Stored data entries:

↓

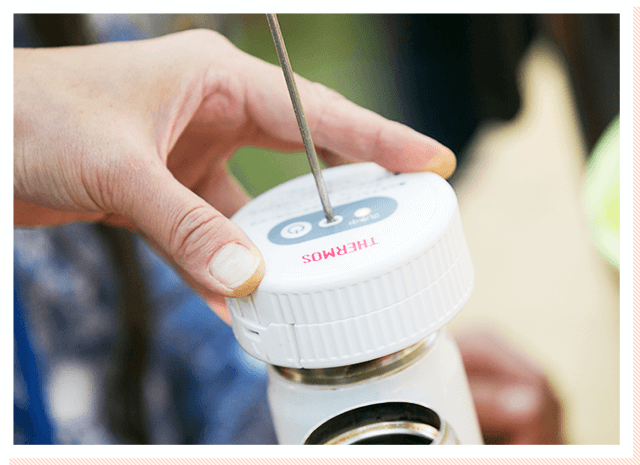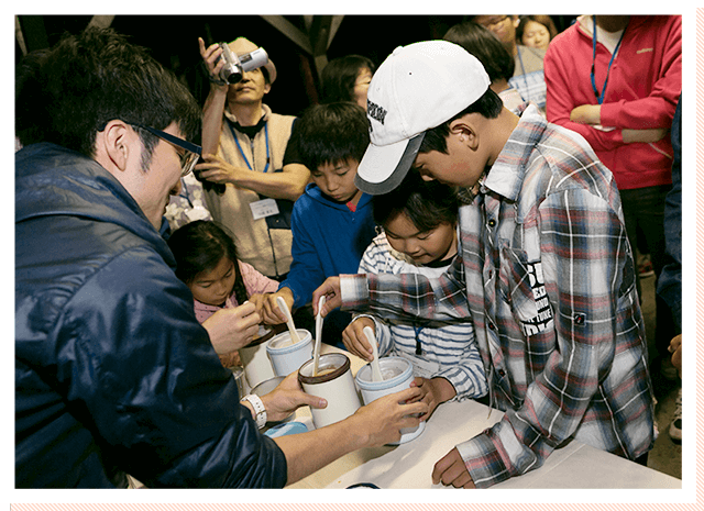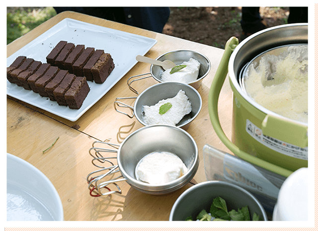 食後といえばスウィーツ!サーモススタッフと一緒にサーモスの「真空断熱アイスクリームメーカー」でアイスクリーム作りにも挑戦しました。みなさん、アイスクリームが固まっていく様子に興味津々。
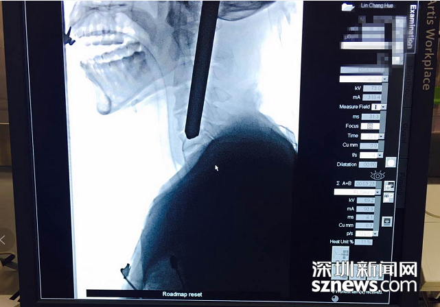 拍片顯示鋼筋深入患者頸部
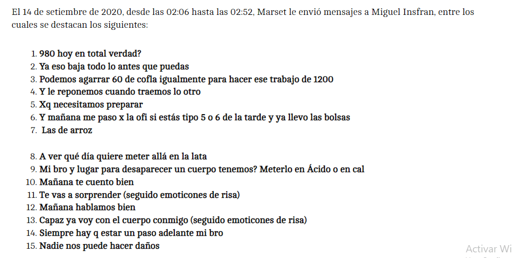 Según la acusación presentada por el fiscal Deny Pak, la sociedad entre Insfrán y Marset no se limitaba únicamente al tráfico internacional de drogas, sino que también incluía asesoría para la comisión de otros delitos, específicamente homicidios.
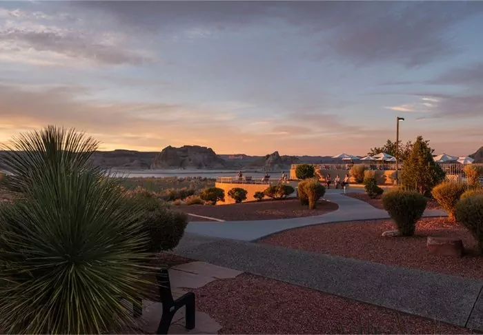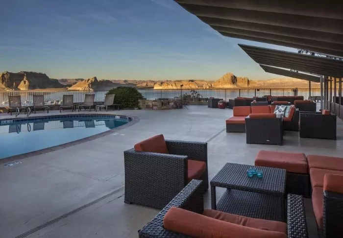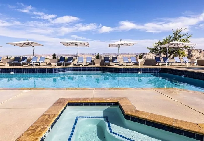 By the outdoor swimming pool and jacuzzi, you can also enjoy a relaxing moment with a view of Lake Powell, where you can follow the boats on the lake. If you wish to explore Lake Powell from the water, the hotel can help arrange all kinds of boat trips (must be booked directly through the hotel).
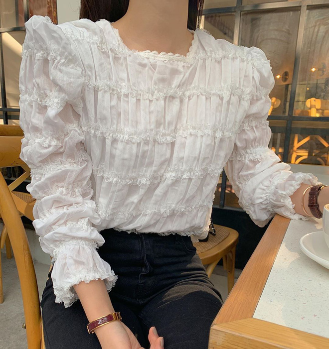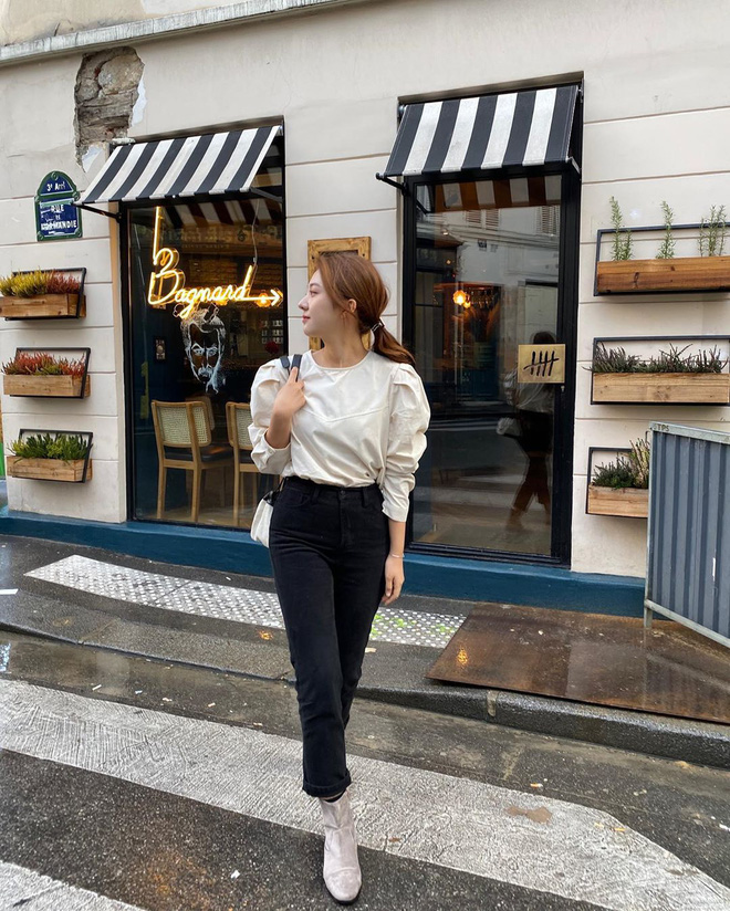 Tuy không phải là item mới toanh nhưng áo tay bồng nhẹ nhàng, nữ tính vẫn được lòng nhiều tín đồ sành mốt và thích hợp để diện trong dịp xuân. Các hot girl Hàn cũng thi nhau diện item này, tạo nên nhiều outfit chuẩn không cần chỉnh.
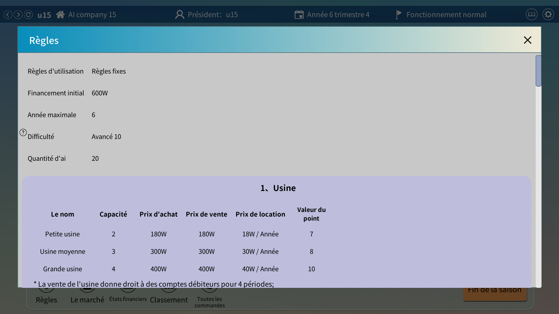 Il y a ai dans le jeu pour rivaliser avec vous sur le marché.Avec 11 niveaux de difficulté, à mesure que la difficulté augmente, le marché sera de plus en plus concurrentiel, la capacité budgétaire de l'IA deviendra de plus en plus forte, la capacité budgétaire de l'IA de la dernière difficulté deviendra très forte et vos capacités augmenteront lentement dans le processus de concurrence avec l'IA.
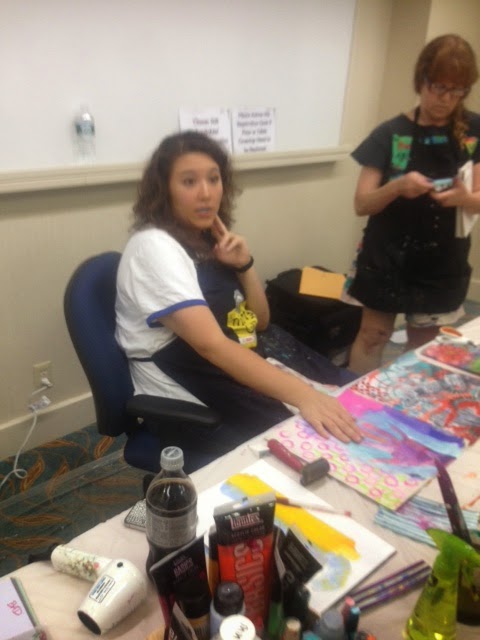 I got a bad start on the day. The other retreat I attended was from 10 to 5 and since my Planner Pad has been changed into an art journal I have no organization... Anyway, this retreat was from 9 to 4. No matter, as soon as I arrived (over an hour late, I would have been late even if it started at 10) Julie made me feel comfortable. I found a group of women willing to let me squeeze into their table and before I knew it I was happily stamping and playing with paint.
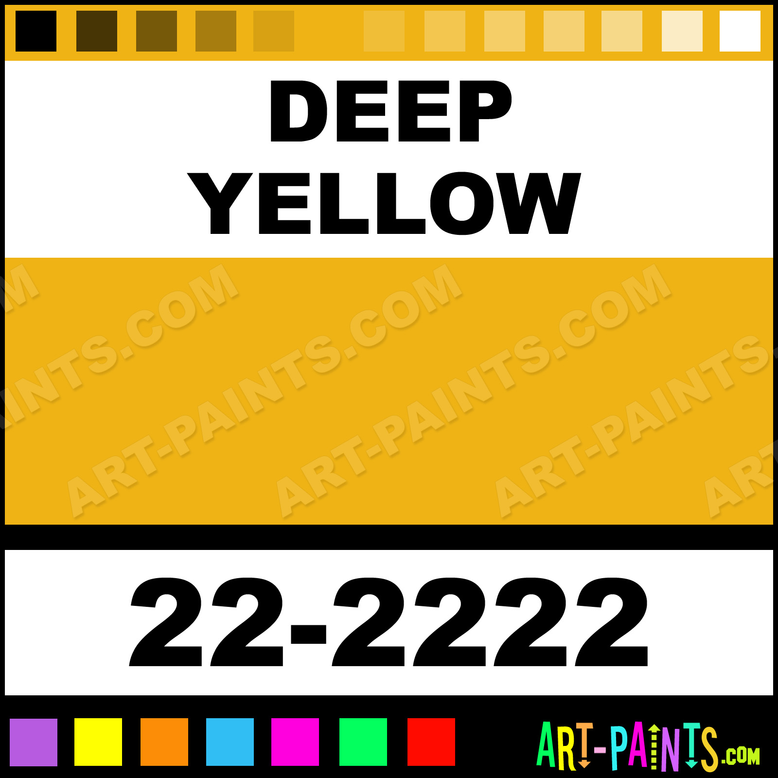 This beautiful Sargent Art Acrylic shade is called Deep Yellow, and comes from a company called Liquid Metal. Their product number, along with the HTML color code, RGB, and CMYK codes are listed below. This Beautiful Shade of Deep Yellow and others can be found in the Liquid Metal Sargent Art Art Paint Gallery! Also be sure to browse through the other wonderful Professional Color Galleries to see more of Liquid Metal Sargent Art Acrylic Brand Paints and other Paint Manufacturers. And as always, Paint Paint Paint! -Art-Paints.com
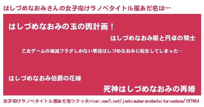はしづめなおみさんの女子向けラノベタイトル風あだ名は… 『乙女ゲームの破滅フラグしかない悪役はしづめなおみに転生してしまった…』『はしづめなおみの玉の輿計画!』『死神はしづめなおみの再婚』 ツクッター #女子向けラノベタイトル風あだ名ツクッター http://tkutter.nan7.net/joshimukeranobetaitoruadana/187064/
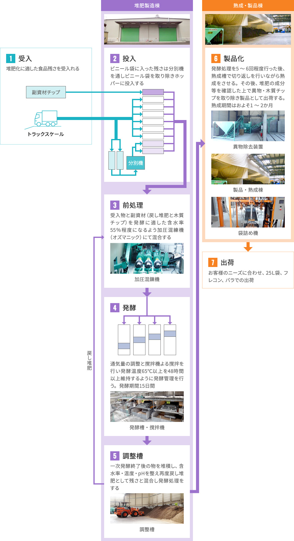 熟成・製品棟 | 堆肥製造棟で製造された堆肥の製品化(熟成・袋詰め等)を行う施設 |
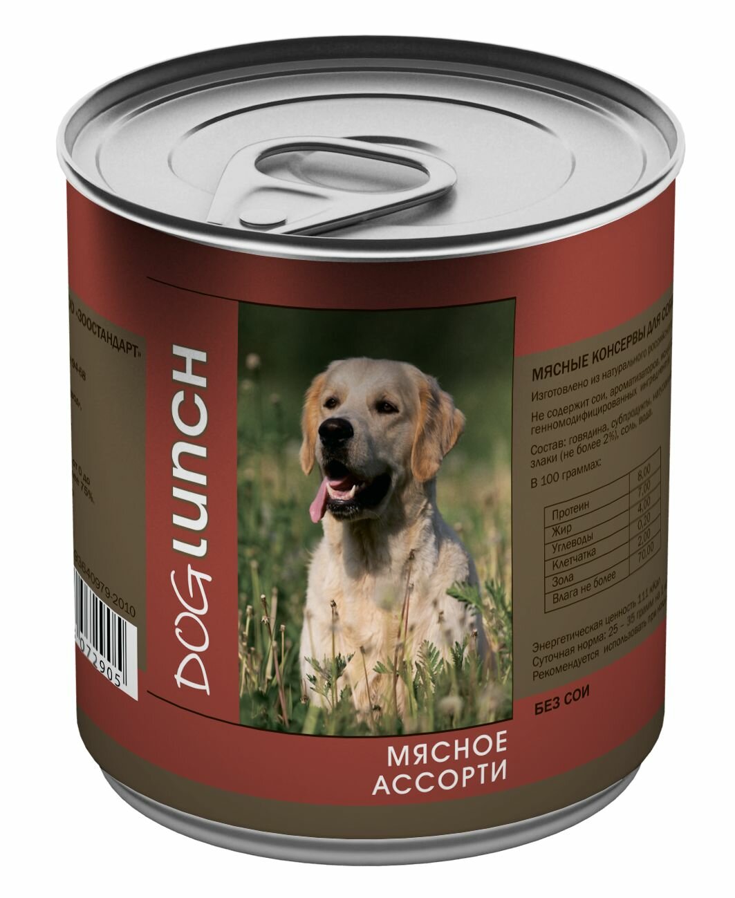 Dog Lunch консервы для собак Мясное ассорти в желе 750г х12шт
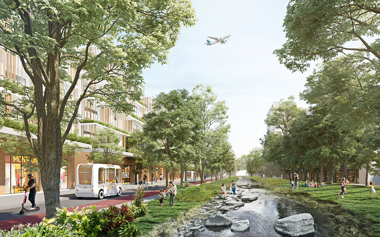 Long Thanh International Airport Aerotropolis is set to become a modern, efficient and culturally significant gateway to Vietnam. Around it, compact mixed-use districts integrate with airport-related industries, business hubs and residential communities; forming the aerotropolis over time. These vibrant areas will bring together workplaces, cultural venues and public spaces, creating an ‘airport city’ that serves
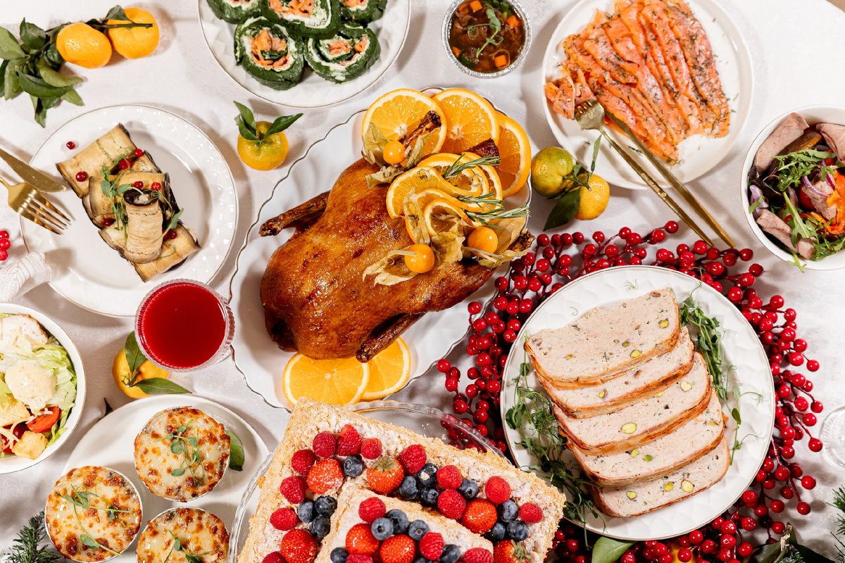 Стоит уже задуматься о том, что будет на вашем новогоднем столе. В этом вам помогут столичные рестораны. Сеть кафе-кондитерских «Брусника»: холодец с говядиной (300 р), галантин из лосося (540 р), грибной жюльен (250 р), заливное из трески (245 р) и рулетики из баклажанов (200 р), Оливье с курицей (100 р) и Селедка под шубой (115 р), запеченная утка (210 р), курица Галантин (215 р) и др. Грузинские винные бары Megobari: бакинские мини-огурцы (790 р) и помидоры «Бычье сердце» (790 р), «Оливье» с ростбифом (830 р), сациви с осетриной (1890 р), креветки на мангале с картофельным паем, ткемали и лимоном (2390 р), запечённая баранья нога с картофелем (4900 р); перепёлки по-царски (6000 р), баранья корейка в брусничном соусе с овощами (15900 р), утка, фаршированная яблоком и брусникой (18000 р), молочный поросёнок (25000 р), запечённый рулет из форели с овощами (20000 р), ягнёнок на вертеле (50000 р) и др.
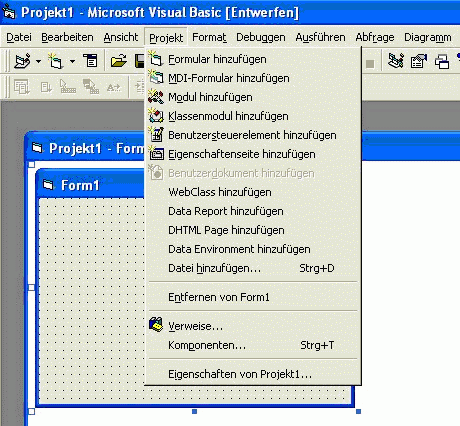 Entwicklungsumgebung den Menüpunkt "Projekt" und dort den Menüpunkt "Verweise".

↑

● **Required action**
Transcribe the entries from their first line to the line that holds "Según la acusación", both included, and skip every picture.

● **Response**
 食後といえばスウィーツ!サーモススタッフと一緒にサーモスの「真空断熱アイスクリームメーカー」でアイスクリーム作りにも挑戦しました。みなさん、アイスクリームが固まっていく様子に興味津々。
 拍片顯示鋼筋深入患者頸部
 Según la acusación presentada por el fiscal Deny Pak, la sociedad entre Insfrán y Marset no se limitaba únicamente al tráfico internacional de drogas, sino que también incluía asesoría para la comisión de otros delitos, específicamente homicidios.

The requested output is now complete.